#### Requirement
Each line in the material below, starting at the one that contains "THE★JOJO WORLD アクリルスタンド(第2弾)" and ending at the one that contains "Primärluftsteller Sekundärluftsteller Rüttelrost", should be repeated exactly; the pictures should not.

#### Source data
::::::::::
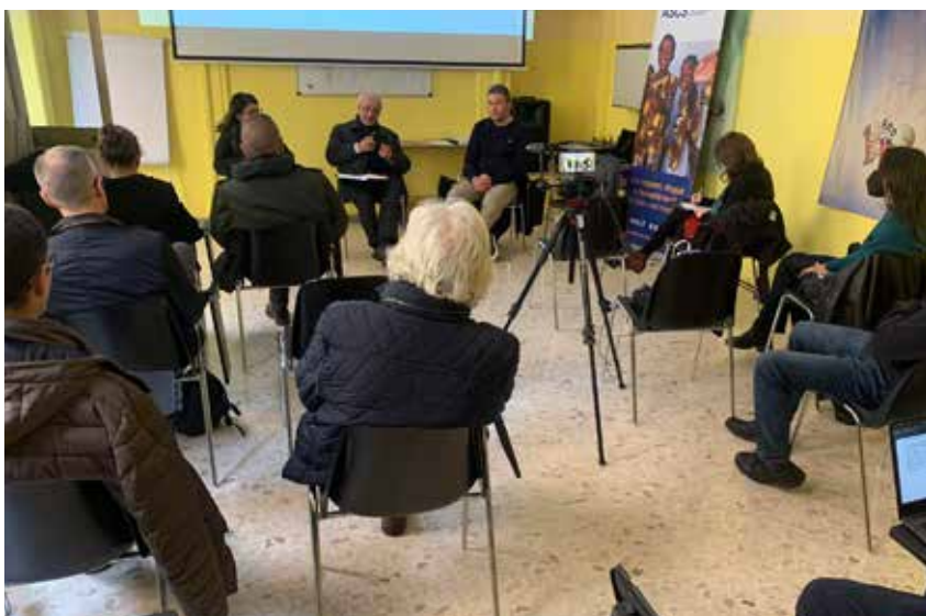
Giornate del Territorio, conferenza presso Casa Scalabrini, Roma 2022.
::::::::::
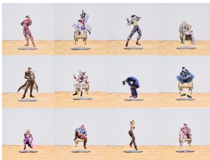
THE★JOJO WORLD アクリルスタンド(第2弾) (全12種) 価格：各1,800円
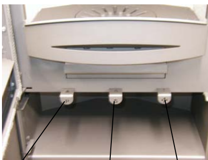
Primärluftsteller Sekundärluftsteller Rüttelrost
::::::::::
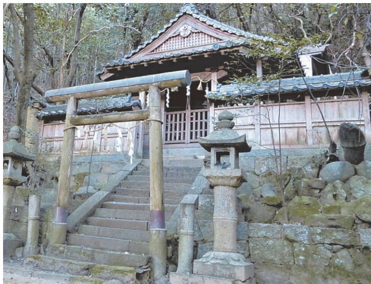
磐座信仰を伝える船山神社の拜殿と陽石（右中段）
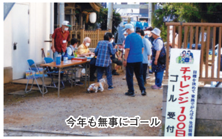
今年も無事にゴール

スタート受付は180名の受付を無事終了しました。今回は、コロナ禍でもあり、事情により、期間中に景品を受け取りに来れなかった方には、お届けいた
::::::::::
#### Worked solution
THE★JOJO WORLD アクリルスタンド(第2弾) (全12種) 価格：各1,800円
Primärluftsteller Sekundärluftsteller Rüttelrost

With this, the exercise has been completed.